Il panettone bolognese si prepara da metà novembre fino alla vigilia di Natale. È il dolce invernale per eccellenza, perfetto per le colazioni natalizie e per i regali fatti in casa. La sua conservazione lunga lo rende ideale per chi vuole prepararlo con qualche giorno di anticipo senza preoccupazione di deterioramento.

Domande frequenti

  • Posso usare lo stampo a carta forno anziché lo stampo rigido? Sì, è anzi preferibile. Lo stampo di carta consente una distribuzione di calore più uniforme e regala ai lati quel colore dorato caratteristico.
  • Che differenza c'è tra il panettone bolognese e quello milanese? Il bolognese lievita meno (4-5 ore contro 12-18), contiene più burro in proporzione alla farina, e la miga risulta più compatta e morbida.
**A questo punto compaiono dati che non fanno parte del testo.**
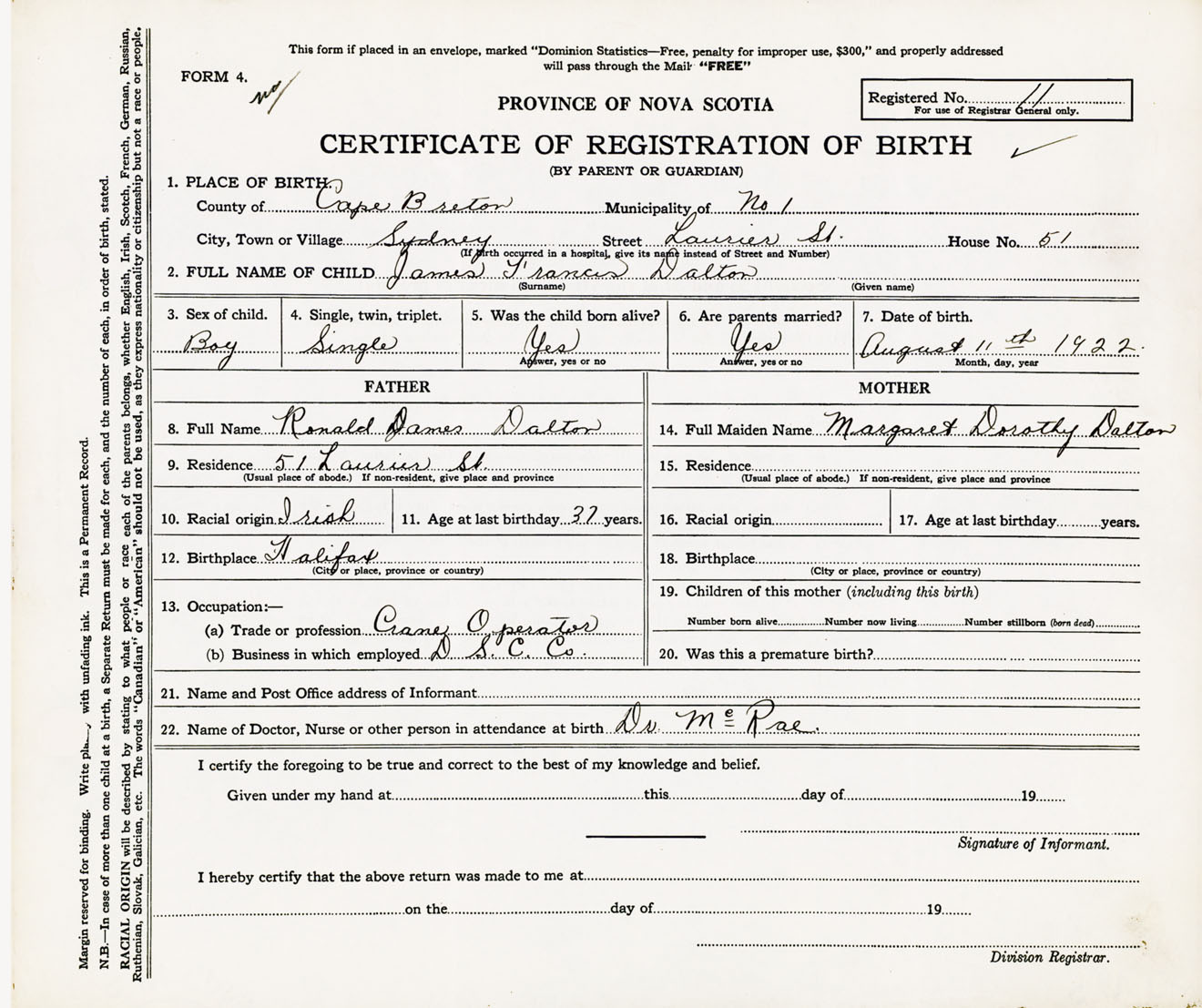 22. Name of Doctor, nurse or other person in attendance at birth Dr. McRae
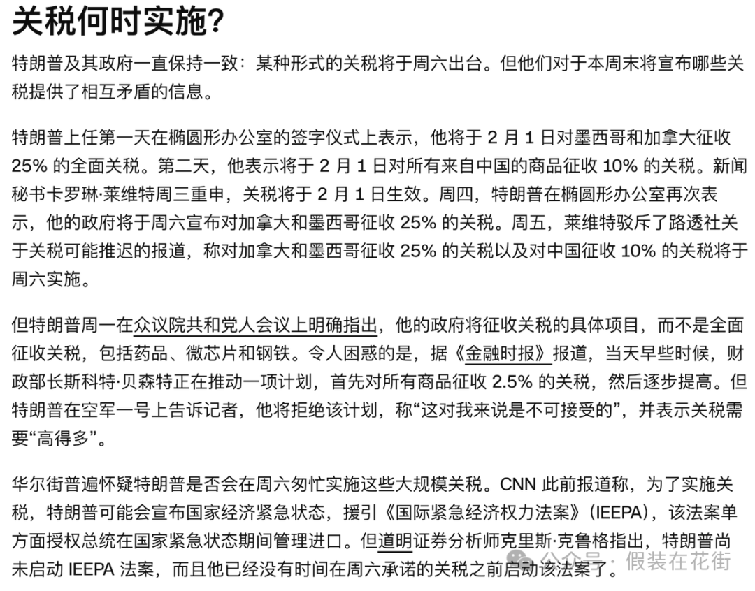 CNN整理的这个很好,另一个角度说明了政策都是口头传达,预期模糊,也能为什么之前大家不是普遍相信会“全面”加关税,以及没有对此进行定价:
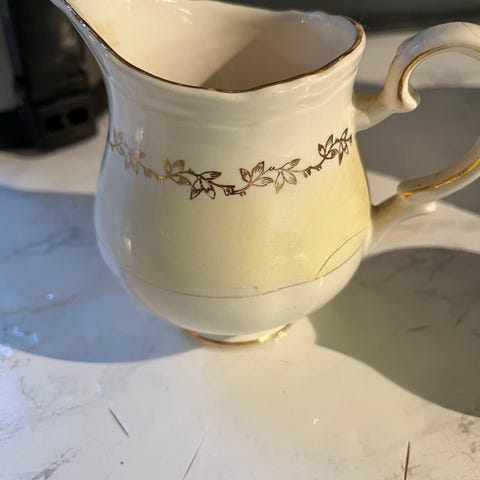 Brukt mugge fra Stavanger flint med blå dekor.
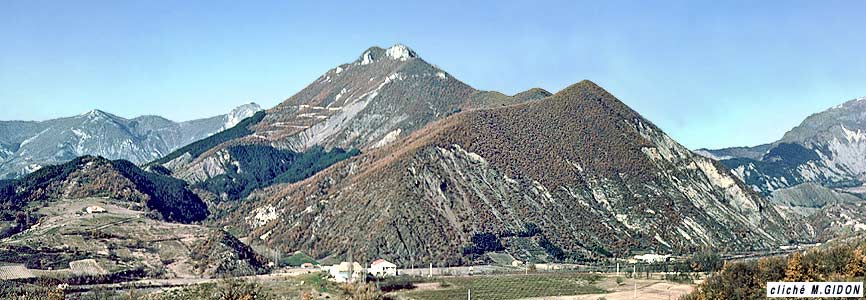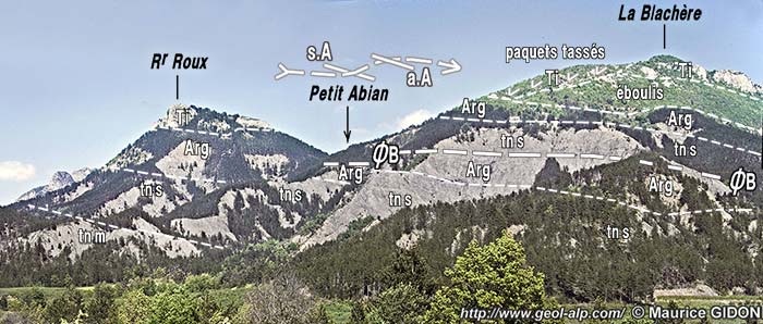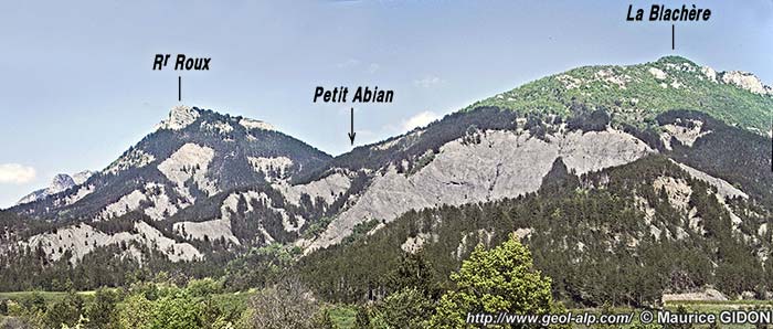 a/ Le sommet de La Blachère est couronné par un chapeau de couches tithoniques presque horizontales, coiffées par un peu de Berriasien. Il constitue une sorte de "butte-témoin* séparée de celle plus septentrionale du Petit Roux par une entaille d'érosion oblique à la crête qui emprunte le passage d'une ondulation anticlinale des couches : celle-ci se poursuit vers le NE, en s'accentuant, au flanc sud-oriental de la crête menant au sommet du Jalinier, qui est ainsi parcouru àmi pente par un synclinal d'Abian (voir la page "La Motte-du-Caire" et le second cliché ci-après).

Il milanese ha una crumb più aerata e leggera, ma richiede un'impegnativa doppia lievitazione.
  • Se l'impasto non raddoppia nelle 4-5 ore, cosa faccio? Dipende dalla temperatura ambiente. Se fa freddo, la lievitazione è più lenta. Lascia riposare ancora un'ora e verifica. Se la cucina è troppo fredda (sotto 18 gradi), appoggia il panettone in un luogo leggermente più caldo, come accanto a una fonte di calore moderato.
  • Posso congelare il panettone già pronto? Sì, intero e ben avvolto in carta forno e sacchetto sigillato, dura in freezer fino a 3 mesi. Scongela a temperatura ambiente per 4-5 ore prima di servire.